* **WORK ORDER**
Apart from the pictures, the listing is to be returned exactly.

** Opening SOURCE DATA block **

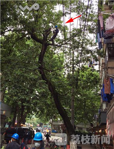 荔枝新闻网友在现场看到几位工人爬上树顶,有的拿锯子锯,有的拿带镰刀的长竹杆钩,把一根根影响电线安全树枝弄下来,他们虽然系有安全带,但是摇摇晃晃危险重重。
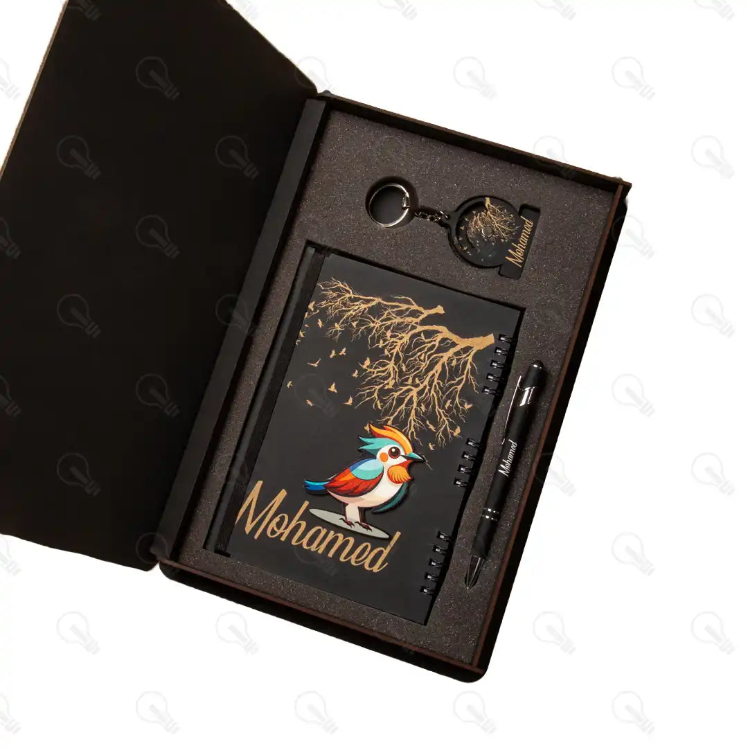 بوكس الهدايا ده هو الاختيار الأمثل! البوكس ده بيجمعلك 3 قطع تحفة: نوت بوك خشب شيك جداً بتصميم مميز وبسيط، ومعاه قلم معدن فخم عشان تكمل الأناقة وكمان تقدر تستخدمه لتاتش الموبايل، وكمان ميدالية خشب طبقتين أنيقة عشان تبقى معاه في كل مكان.
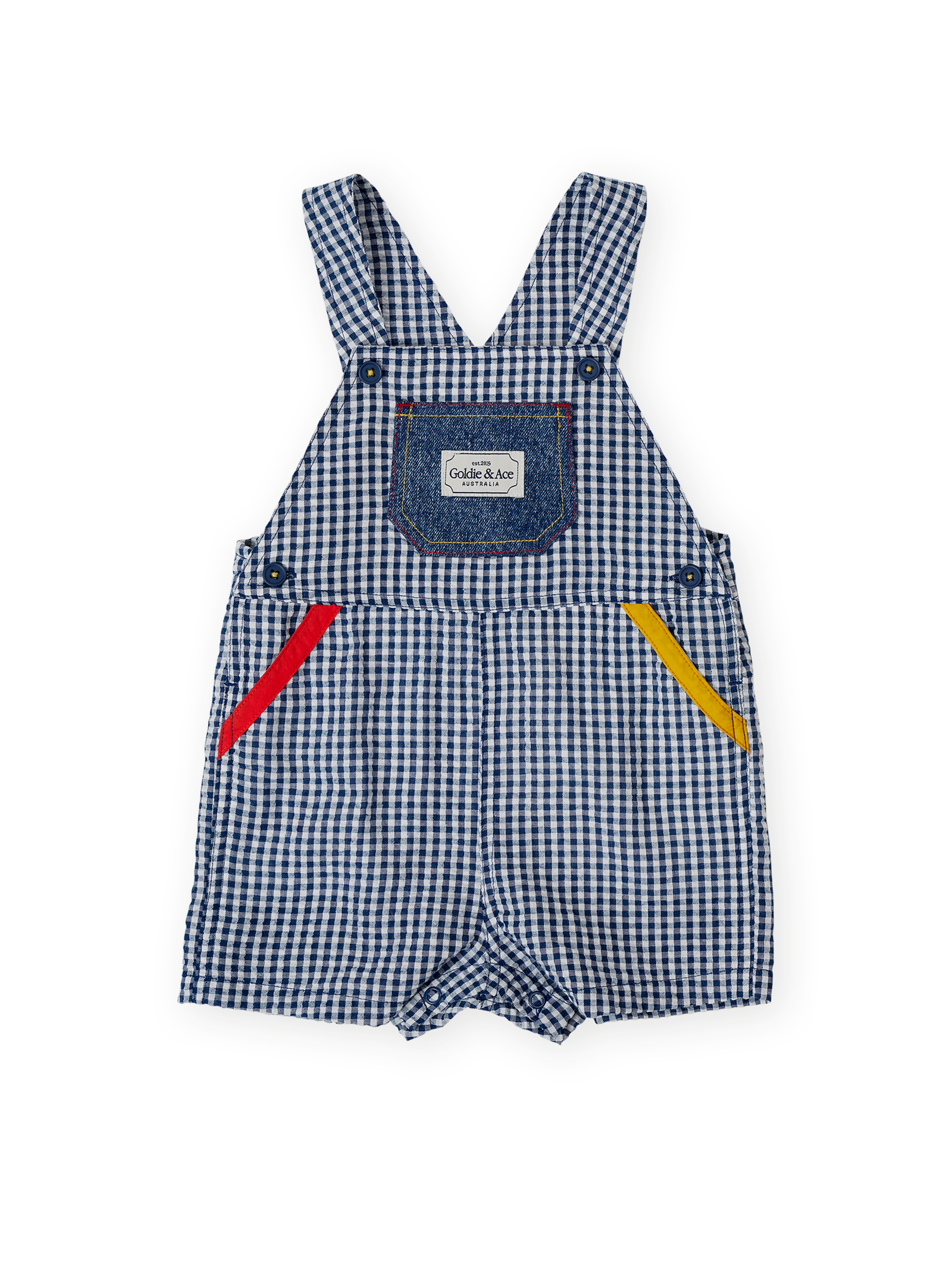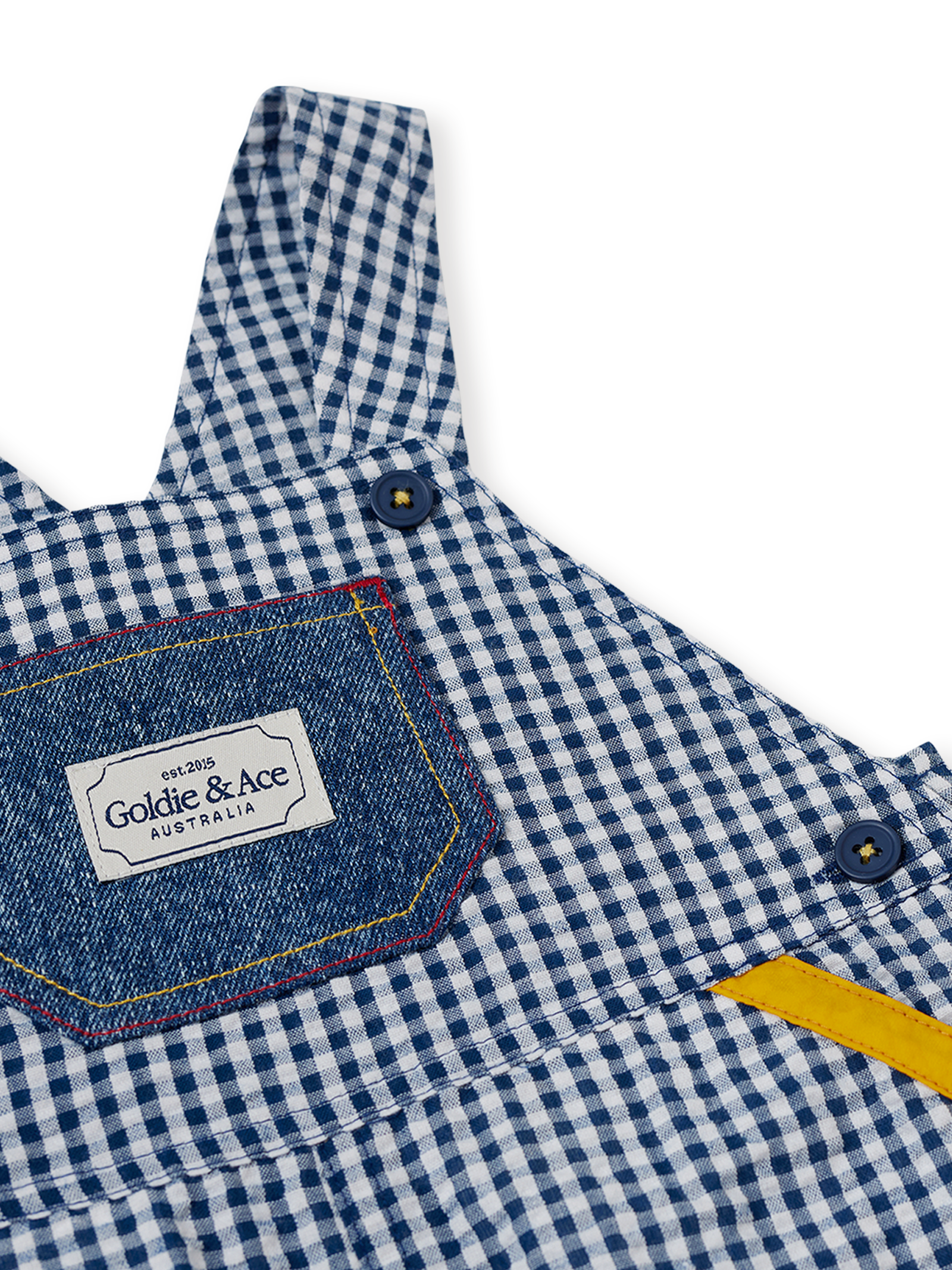 Classic blue gingham with playful pops of red and yellow trim - a little vintage, a lot of fun. Relaxed, easy to wear and perfect for digging, drawing, or just twirling in the sun.

** Closing SOURCE DATA block **

* **SOLUTION FOR THIS TASK**
 荔枝新闻网友在现场看到几位工人爬上树顶,有的拿锯子锯,有的拿带镰刀的长竹杆钩,把一根根影响电线安全树枝弄下来,他们虽然系有安全带,但是摇摇晃晃危险重重。
 بوكس الهدايا ده هو الاختيار الأمثل! البوكس ده بيجمعلك 3 قطع تحفة: نوت بوك خشب شيك جداً بتصميم مميز وبسيط، ومعاه قلم معدن فخم عشان تكمل الأناقة وكمان تقدر تستخدمه لتاتش الموبايل، وكمان ميدالية خشب طبقتين أنيقة عشان تبقى معاه في كل مكان.
 Classic blue gingham with playful pops of red and yellow trim - a little vintage, a lot of fun. Relaxed, easy to wear and perfect for digging, drawing, or just twirling in the sun.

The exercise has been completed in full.